Cl₂ is the limiting reagent because its n ÷ coefficient value (0.10) is smaller than Al’s value (0.20). The bar for Cl₂ is shorter, meaning Cl₂ has fewer “reaction-units” relative to its role in the equation.

Q2.2 — Theoretical yield of AlCl₃

LR = Cl₂; n(Cl₂) = 0.300 mol. Ratio Cl₂:AlCl₃ = 3:2. n(AlCl₃) = 0.300 × (2÷3) = 0.200 mol. MM(AlCl₃) = 26.982 + 3(35.453) = 133.34 g/mol. m(AlCl₃) = 0.200 × 133.34 = 26.7 g.

Q2.3 — Al remaining

n(Al consumed) = n(Cl₂) × (2÷3) = 0.300 × 0.667 = 0.200 mol. n(Al remaining) = 0.400 − 0.200 = 0.200 mol. m(Al remaining) = 0.200 × 26.982 = 5.40 g.

Q3.1 — Sandwich analogy

Bread: 18 ÷ 2 = 9 (reaction-units). Filling: 11 ÷ 1 = 11 (reaction-units). Bread has the smaller quotient (9 < 11), so bread is the limiting ingredient.

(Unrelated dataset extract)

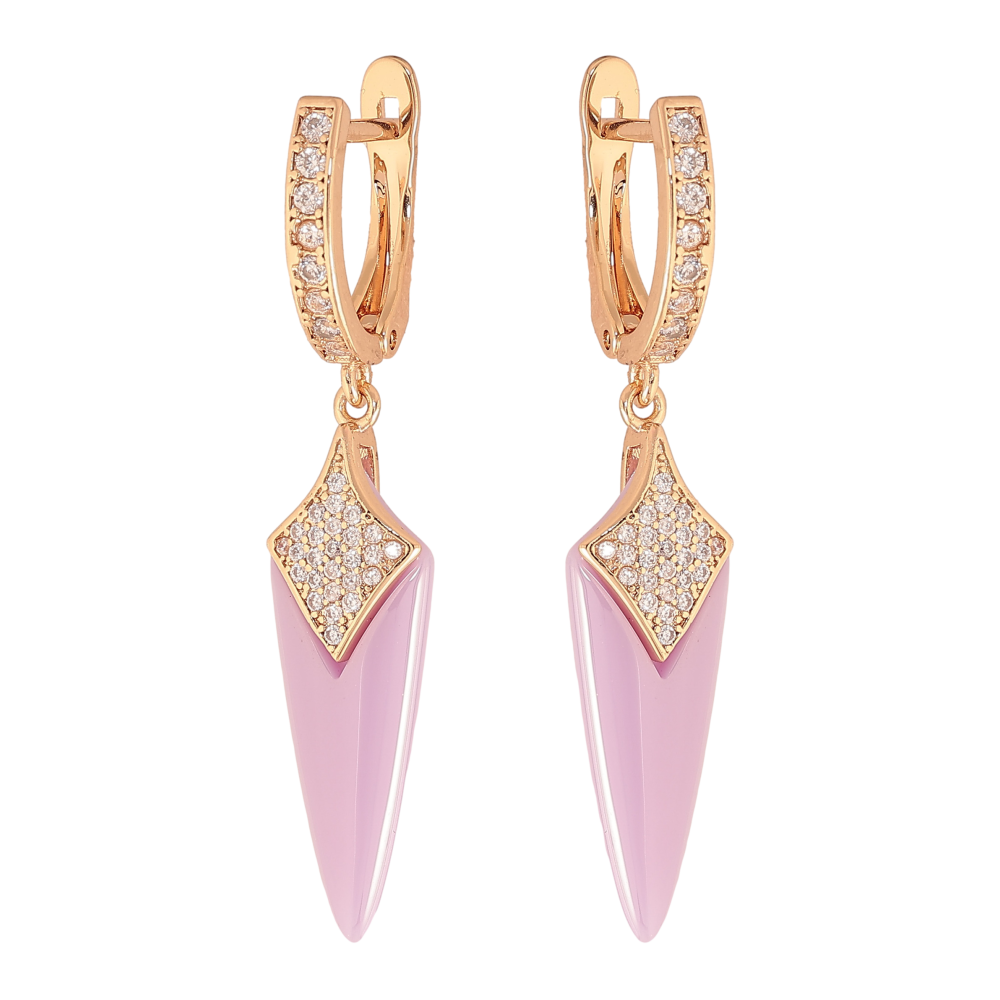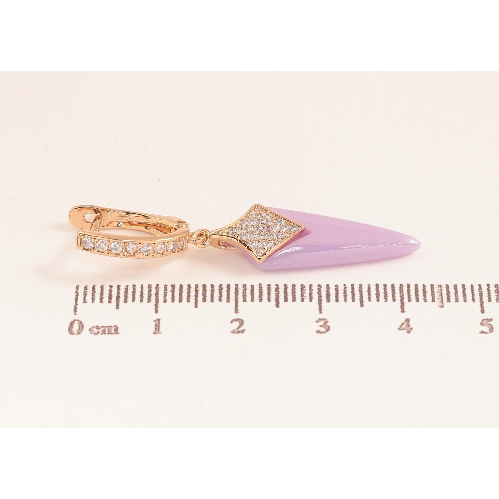 Сережки Xuping TTM Stainless Steel колір 18К англійський замок підвіски з бузковою керамікою та кристалами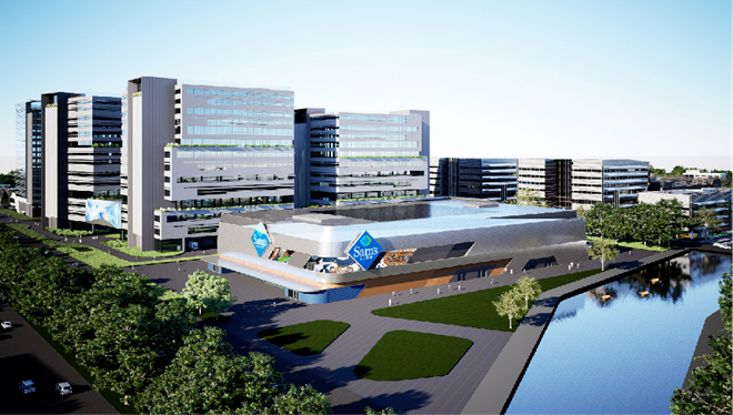 荔湾山姆位于花地大道南657号的岭南V谷-广州国际智能科技园内,项目占地近2万㎡。其中商业裙楼面积达1.5万㎡,拥有9米高的仓储式购物空间,同时配备了超1000个专用停车位。

Marking criteria: 1 mark for correct “quotients” (18/2 and 11/1); 1 mark for correct comparison; 1 mark for identifying bread as limiting with reason.

Q3.2 — Rolls made and excess

9 rolls can be made (limited by bread). Filling used = 9 × 1 = 9 servings. Filling remaining = 11 − 9 = 2 servings of filling left over.

Q4.1 — Error identification

The student compared raw moles directly without dividing by stoichiometric coefficients. In 2Na + Cl₂ → 2NaCl, Na has a coefficient of 2 while Cl₂ has a coefficient of 1. The correct method is to compute n ÷ coefficient for each reactant before comparing.

Q4.2 — Correct working

Na: 0.3480 ÷ 2 = 0.1740. Cl₂: 0.1692 ÷ 1 = 0.1692. Cl₂ has the smaller quotient (0.1692 < 0.1740). Cl₂ is the limiting reagent. (The student’s conclusion was actually correct; their method was wrong but happened to give the right answer in this case. In other ratios this shortcut fails.)

Q4.3 — Theoretical yield of NaCl

LR = Cl₂; n(Cl₂) = 0.1692 mol. Ratio Cl₂:NaCl = 1:2. n(NaCl) = 0.1692 × 2 = 0.3384 mol. m(NaCl) = 0.3384 × 58.443 = 19.8 g.

Marking criteria (2 marks): 1 mark for correct moles of NaCl from LR; 1 mark for correct mass calculation.